The pretenguin that ultimately allows both the cactaiga and the megamurd to survive here, linking the meager nutrients of the surrounding sea to the land, is the waif - a bird weighing just 3 lbs. It is the smallest of all pretenguins, an example of insular dwarfism - the opposite phenomenon that has made the megamurd so large. For while the megamurd could afford to be bigger without enemies on the atoll, and could more easily digest the poor quality food there by growing larger, the waif has had to adapt to limited food resources compared to its ancestors. Thorn Atoll is a tiny island in a vast, usually barren tropical ocean and supports only a small fringing reef. There is no annual seasonal change in currents to bring nutrients, meaning the reef must be self-sufficient most of the time; energy used there is deposited there again as animals excrete waste and eventually die, without significant outside input. This closed system is delicate and highly vulnerable to fall out of balance. To survive, the waif has had to become small enough that its caloric needs can be provided for by the small endemic fish of the reef without overexploiting them. It hatches just one chick at a time, in a deep crag in the rocks of the atoll, and the waste products deposited in and around the nest are the only source of nitrogen available to the cactaiga here. After each breeding season, the whole population molts and ceases breeding again for many months in a highly irregular cycle depending entirely on the population of their food. Breeding is usually annual for a few seasons, occurring every 9-15 months, but as the fish become more scarce, it slows to every couple years and may cease for as long as six years. Eventually, however, usually once a decade, a rare change in oceanic conditions brings a surge of cool surface water to the atoll from an upwelling in the Equinoctial ocean. Similar to the El Nino-Southern Oscillation in Earth's Pacific ocean, but less regular, this temporarily condition brings a surge of plankton that results in a great increase in available food for the waif, allowing a very occasional summer of plenty and letting the birds raise several young successively; the numbers of the megamurd also rise at this time, as they prey on the chicks of the waif.
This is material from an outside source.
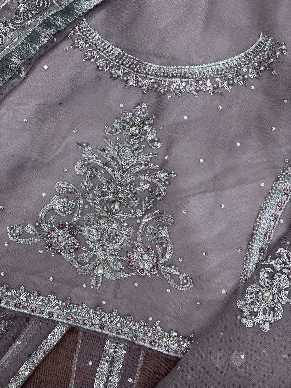 Heavy Front Embroidered body with hand work & punched pearls attached

But the good times on Thorn Atoll are temporary. Within 12 to 18 months, the oceans become warm and stagnant again, and the reef's productivity slowly declines. Like the cactaiga and the megamurd, the waif only can survive here, but rarely thrives. A member of a common genus to coastal waters along both continents, the waif descends from a species of larger bird that followed the temporary food-rich current from over a thousand miles to the east and then became marooned there when the current ceased, trapping them along the small reef with no way to escape, about half a million years ago. Its ancestor species, like that of the megamurd, still exists; it is four times heavier, with brighter markings, and nests in huge aggregations along the southern coast of Serinarcta. During surge years, when the island is briefly connected back to the mainlands by a band of food-rich water, some of these birds occasionally follow their prey and reach the atoll like the waif's ancestors did, usually perishing of starvation if they remain too long, for they are simply too large to find enough food there once the surge has diminished. Even more rarely, a single waif has shown up at the Serinarctan nesting colonies among its bigger cousins, having taken advantage of the brief opportunity to flee its isolation. While the megamurd is forever trapped on Thorn Atoll, without any currents in the right direction to take it anywhere but further out to sea, there is evidence a few waifs may manage to escape every surge year, and go on to hybridize with their close relatives. They almost certainly never return home again on purpose once they find themselves in the outside world - though there may be more enemies off the island, it is made up for by never facing starvation. A barren rock in the sea is no-one's first choice of a home, and that anything survives there at all is a sheer testament to the hardiness and adaptability of life to persist through unforgiving circumstances beyond their control.